The only Yamamoto bait I've ever bought are senkos. And they always catch fish. Don't know that I've ever seen their grub tails but I'll be keeping an eye out.


----------



## 1MoreKast (Mar 15, 2008)

diggerd said:


> Galida grubs. The best walleye and smalles all day long.


I have some Galida grubs and have caught a few fish on them. Call me nuts but I feel like the tail is a little small for the body. Probably just the OCD in me but I agree they are nice baits.


----------



## Saugeyefisher (Jul 19, 2010)

1MoreKast said:


> I have some Galida grubs and have caught a few fish on them. Call me nuts but I feel like the tail is a little small for the body. Probably just the OCD in me but I agree they are nice baits.
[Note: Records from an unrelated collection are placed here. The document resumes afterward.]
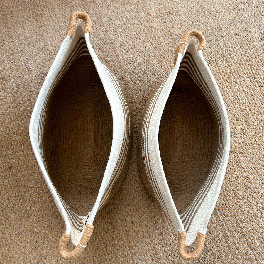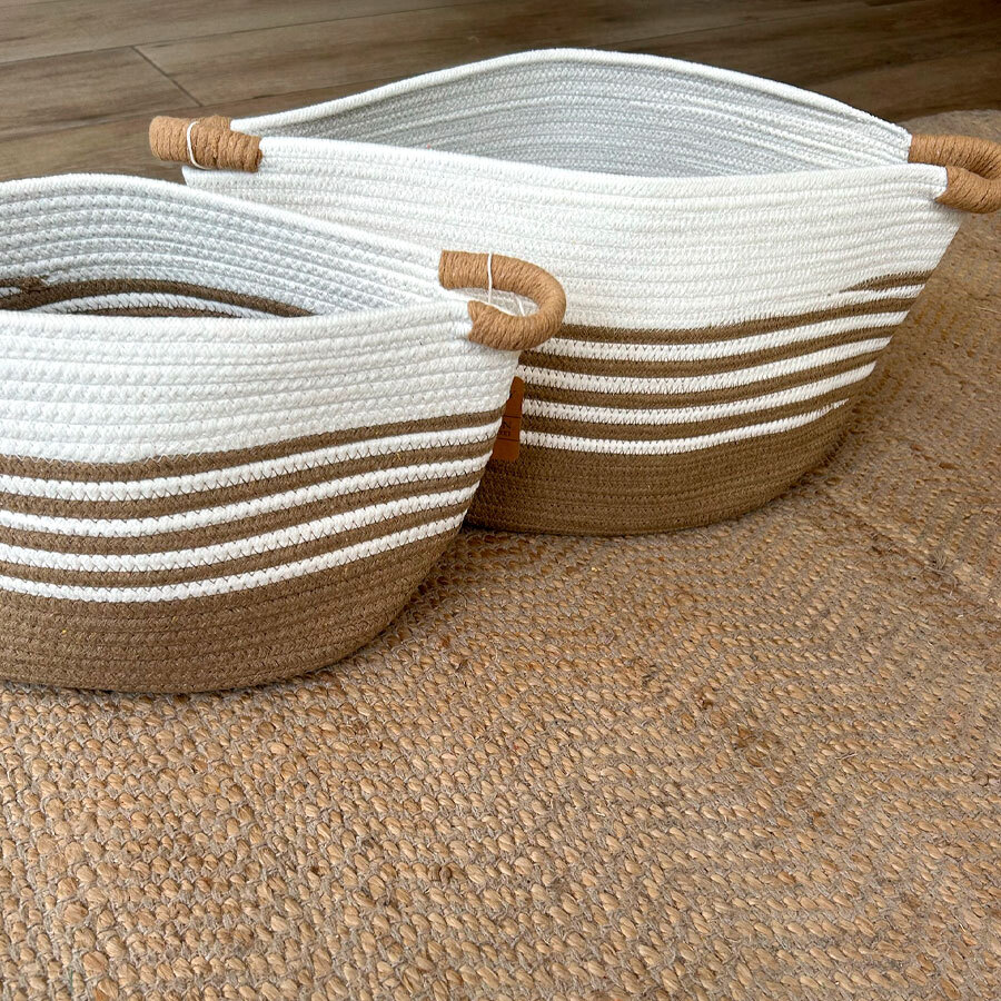 Con un diseño en colores sutiles, esta cesta no solo es práctica sino también estéticamente agradable, agregando un toque elegante a la decoración del hogar.
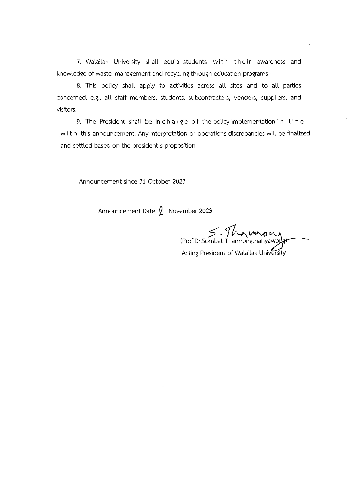Walailak University (WU) has always applied an integrated waste management approach in support of its Green University Initiative which goal is to attain zero waste management with economic, social, and environmental sustainability considerations in mind. At present, WU has policies, guidelines, and activities to measure the amount of waste generated across the university. The processes of existence of measurement at the whole university throughout its different stages are as follows:
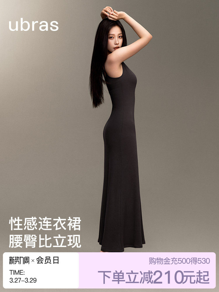 Yu Shuxin Style Ubras Body-Shaping Camisole Sexy Slimming Hot Girl Spaghetti Strap Long Dress Sleeveless Dress Bodycon Dress
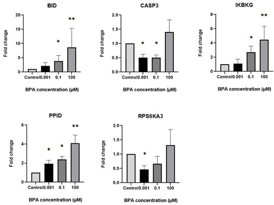Effects of different concentrations of BPA on the expression of genes associated with apoptosis in granulosa cells after 72 h of exposure. Total messenger RNA (mRNA) was extracted, reverse transcribed, and amplified using qPCR. Gene expression was normalized using the geometric mean of three reference genes (GAPDH, HPRT1, and GUSB). The results are expressed as the fold change (2^(−ΔΔCT) ± standard deviation). This figure shows significantly altered expression of genes after 72 h of incubation. At 0.001 µM, BPA significantly changed the expression of CASP3 (p = 0.0185), PPID (p = 0.045), and RPS6KA3 (p = 0.0336). At 0.1 µM, BPA changed the expression of BID (p = 0.0410), CASP3 (p = 0.0134), IKBKG (p = 0.0412), and PPID (p = 0.0370), while at 100 µM, BPA changed the expression of BID (p = 0.0042), IKBKG (p = 0.0053), and PPID (p = 0.0062). * statistically significant at p < 0.05, ** statistically significant at p < 0.01.
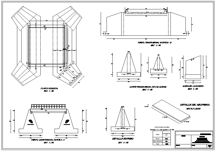 Structure Bridge Detail Download File. Bridge project in this autocad file include concrete bridge design, plan, elevation and details about levels heights.
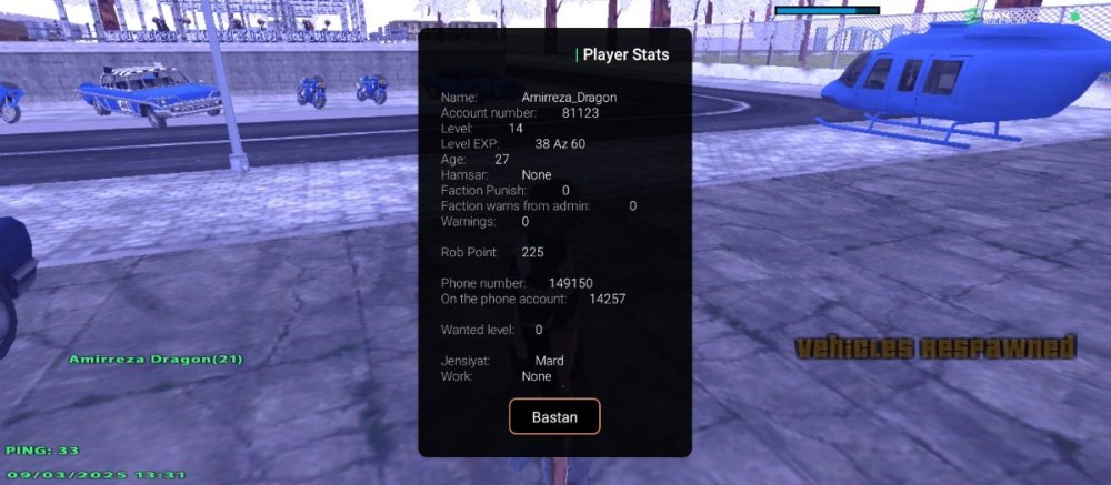 8. - نام حساب کاربری شما : Amirreza_Dragon 2 - سطح حساب کاربری شما : 15 ۳ - سن شخصیت حساب کاربری شما :18 4 - سوابق خود را در سازمان های جنایی شرح دهید : vagos Vagos Rifa توجه : عکس از wbook/ و stats/ حساب کاربری خود را حتما در پیام ارسال فرم بارگذاری کنید. اطلاعات OOC 1 - آیدی تلگرام : @amirreza_dragon 2 - آیدی دیسکورد : . 3 - مقدار تایم پلی روزانه : 3 4 - در چه حد از رول پلی آگاهی دارید و به قوانین آن مسلط هستید ؟ کامل 5 - در چه حد با نحوه کارکرد سایت انجمن آشنایی دارید ؟ کامل
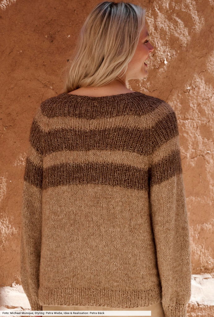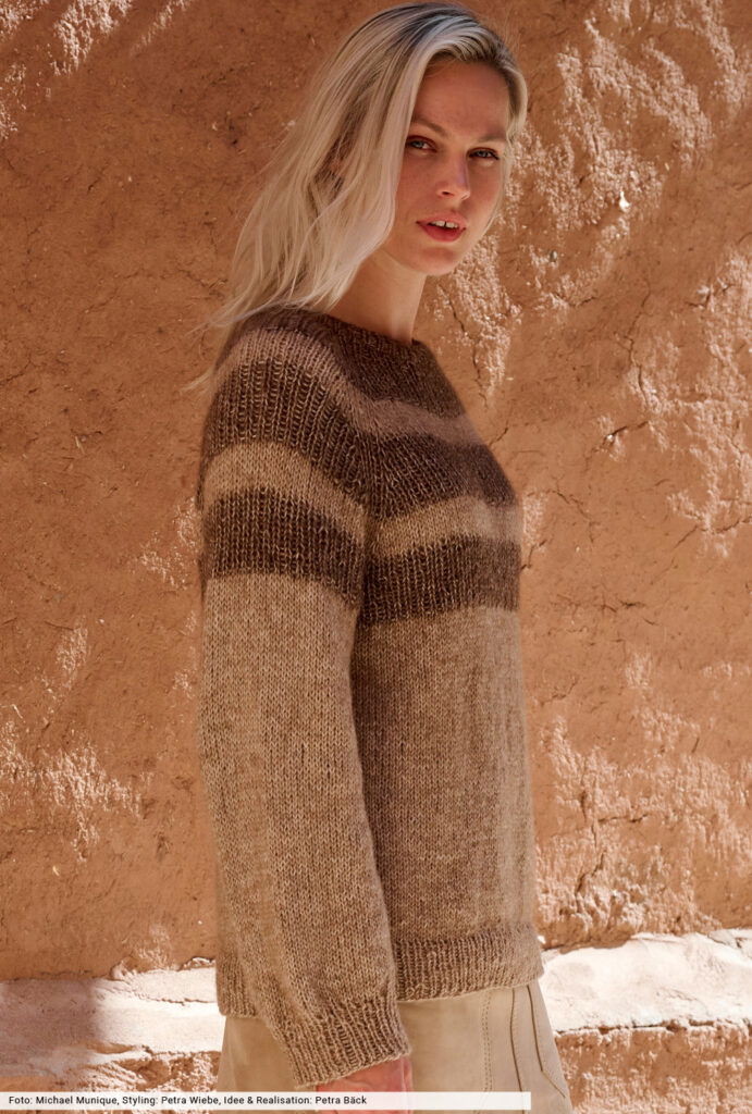 Mocha Mousse dokumentiert, wie spannend warme Töne auch in Kombination miteinander sein können. Hier wird eine helle Natur-Nuance mit tiefem Schokobraun zu einem tollen Pulli verstrickt, bei dem vorallem die gestreifte Passe ins Auge fällt. Ein großes Plus für alle, die nicht gerne konfektionieren: Hier spart man sich das Zusammennähen der Seitennkanten, da die Arbeit am Hals begonnen wird und nahtlos an den Bündchen endet.
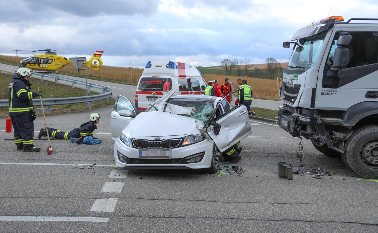 Schwerer Kreuzungscrash zwischen LKW und PKW in Allhaming
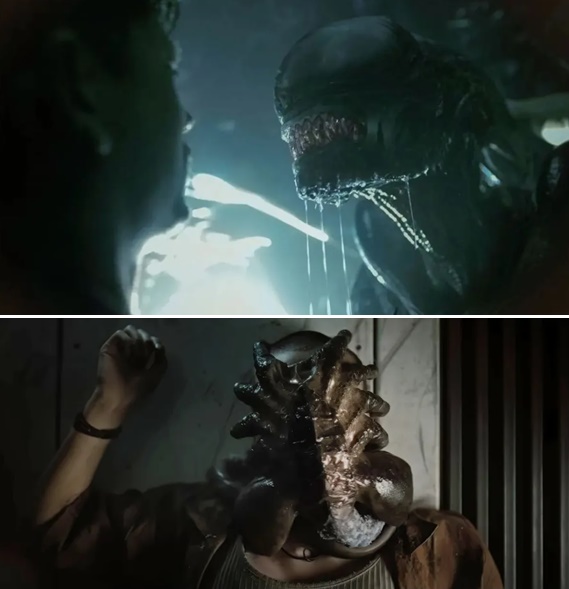 โดยก่อนหน้านี้ผู้เขียนเป็นคนหนึ่งที่เคยปรามาสภาพยนตร์ซีรีส์ Alien ว่ามันมาถึงทางตันแล้ว เพราะความหลอนสยองขวัญของปีศาจตัวนี้มันแทบจะไม่มีมุกมาเล่นแล้ว ทั้งแบบเอเลี่ยนตัวเดียวกับตัวละครไร้ทางสู้ กลุ่มทหารที่สู้เอเลี่ยน กองทัพเอเลี่ยนหลายสิบตัว เอเลี่ยนสายพันธุ์ใหม่ที่ต่างจากเดิม ไปจนถึงเอาเอเลี่ยนมาสู้กับนักล่าอวกาศ ก็มีมาครบหมดแล้ว พอมา Alien Romulus ทางผู้กำกับก็คิดใหม่ทำใหม่สร้างความน่ากลัวที่ไม่ใช่มาจากตัวเอเลี่ยนอย่างเดียวแบบภาคก่อน แต่มันคืออุปสรรคที่ตัวเอกต้องเจอโดยมีเอเลี่ยนเป็นตัวประกอบที่ผสมรวมกันได้อย่างลงตัว รวมถึงการกระจายความน่ากลัวให้กับพวก เฟซฮักเกอร์ ที่กระโดดเกาะหน้าเพื่อวางไข่ ที่ในภาคก่อน ๆ มันคือตัวประกอบไม่มีบทอะไร แต่คราวนี้พี่แกโคตรเด่น
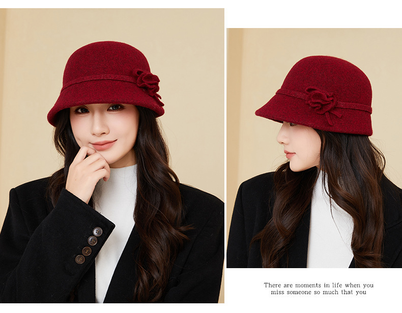 秋冬季保暖羊毛盆帽复古赫本风花朵气质渔夫帽女士优雅毛呢帽子潮
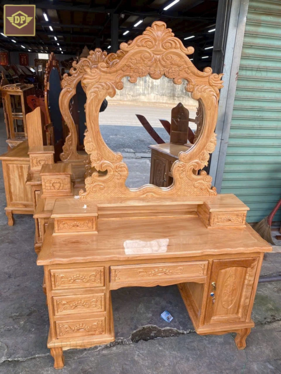 Không chỉ đẹp về mặt thẩm mỹ, gỗ gõ đỏ còn có đặc tính cứng và bền, khả năng chống xước và mối mọt tốt, rất phù hợp cho việc chế tác bàn trang điểm. Thêm vào đó, gỗ gõ đỏ còn rất dễ chế tác, cho phép người thợ thủ công tạo ra những đường nét tinh xảo, cầu kỳ.
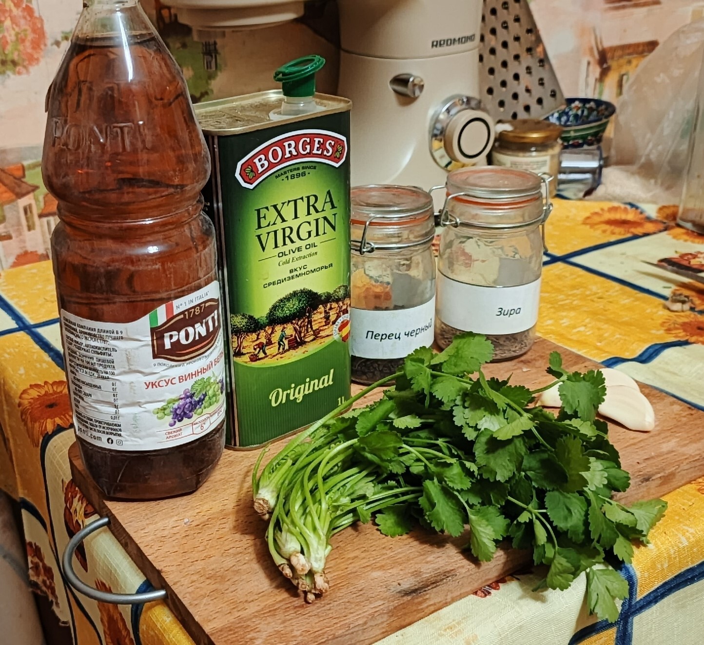 Поместите в чашу блендера зиру, очищенный чеснок, немного соли и зелень кинзы, добавьте ложку винного уксуса и как следует измельчите. После этого, понемногу добавляя оливковое масло первого холодного отжима, продолжайте взбивать соус, пока не добьётесь гладкой, однородной консистенции. В конце приправьте соус свежемолотым чёрным перцем.
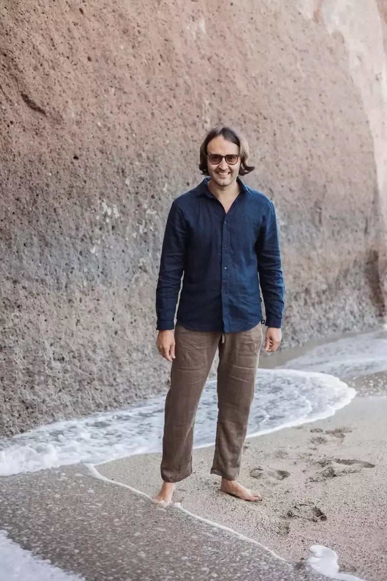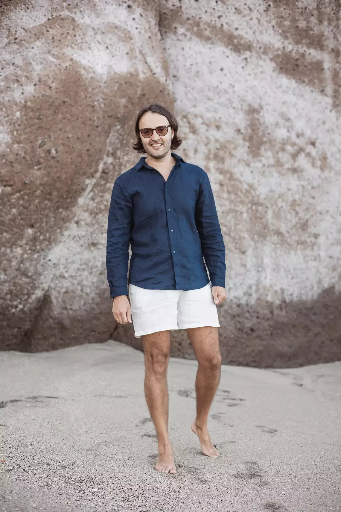Sofa Killer tamsiai mėlynos splavos lininiai vyriški marškiniai, susegami priekyje, klasikine apykakle, galite atsiraitoti rankoves. Minkštinto lino medžiaga švelni ir jauki, sukuria įpatingą lengvumo jausmą ir norą vilkėti marškinius nuolat. Sofa Killer vyriški lininiai marškiniai nevaržo judesių, tad puikiai tinka patogiam poilsiui ar šventei. Dekoruota Sofa Killer logotipu šone.
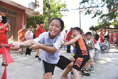 小朋友们在进行拔河比赛。新华社记者 黄孝邦摄
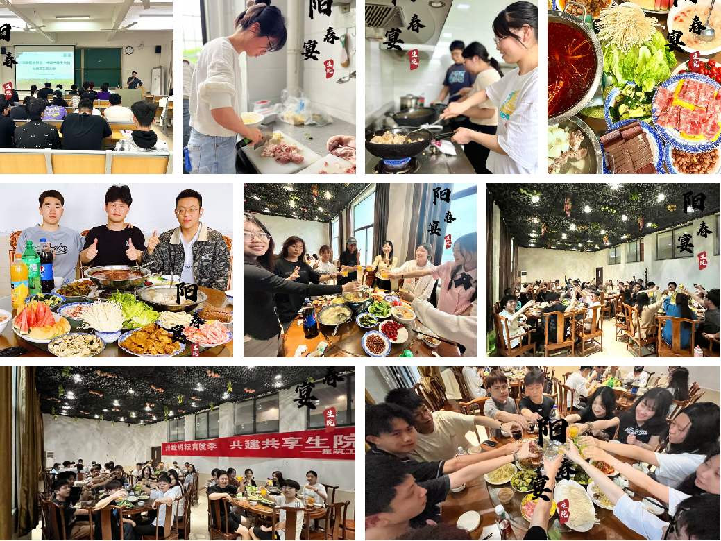 4月18日晚,建筑工程学院2021级280余名学生在生活艺术楼开展以”卅载耕耘育桃李,共建共享生院情”为主题的阳春宴活动。师生们一起参与活动共享美食。在活动开展前,2021级各班陆续开展了阳春宴主题讨论会,班委合理细化工作任务,听取群众建议,制定活动方案,采取师生自主烹饪,自行联欢的方式举行。
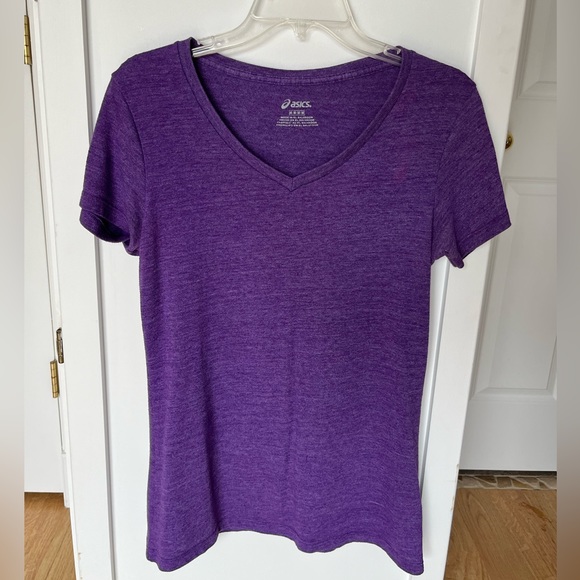 Purple v-neck t-shirt. See slight discoloration in last photo.
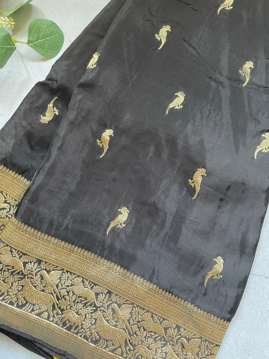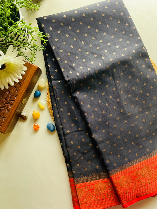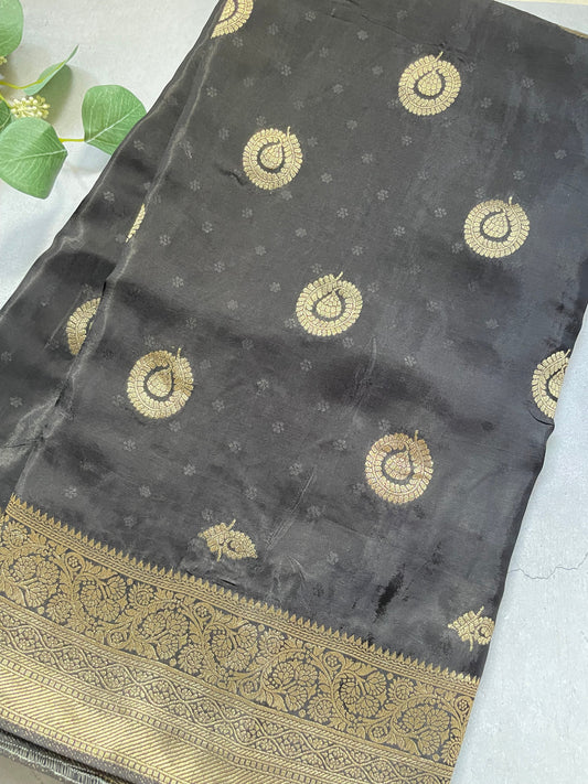 Dark Grey Pure Tissue Silk Saree

Isn't it funny the things we look at and see, and then think. Oh no I don't think I'd use that. I use to cut the feather tail off the rear hook of my xraps because it didn't look right to me. Or I use to use snaps for small swimbaits but tie direct when using twisters😂.... My buddy's favorite stick bait for saugeyes is the one smithwick color I've never bought.
Fishermen are weird...


----------



## Drm50 (Dec 26, 2014)

Back in late 70s I hooked up with Lakeland Tackle in Florida. They made plastics to order bulk. They also where making baits for major manfs. They would make any color you wanted. They would also make them soft or hard as you want. I think I had to buy 35lb lots to get custom colors. Their in house stock colors they sold by 1000 in bags of 250. When you dump 35lbs of grubs out in a pile you would swear they were alive. I sold by weight too, 100 minimum. I don’t know if Lakeland is still in business. Many plastics companies went belly up in 90s. I use double tails that were a Net Craft exclusive. I have a 20mm Ammo can full of them in different sizes and colors that Net Craft never offered.


----------



## 1MoreKast (Mar 15, 2008)

Saugeyefisher said:


> Isn't it funny the things we look at and see, and then think. Oh no I don't think I'd use that. I use to cut the feather tail off the rear hook of my xraps because it didn't look right to me. Or I use to use snaps for small swimbaits but tie direct when using twisters😂.... My buddy's favorite stick bait for saugeyes is the one smithwick color I've never bought.
> Fishermen are weird...


HA! That's funny and true to your word on fisherman. We are a different breed, that is for sure. I know guys who only rig the twister on so that it's opposite the hook shank curve, where I always have to follow the hook shank curve. Does it matter? Maybe...but I just do what works. So cut those feathers off buddy!


----------



## AtticaFish (Nov 23, 2008)

1MoreKast said:


> .....I always have to follow the hook shank curve.....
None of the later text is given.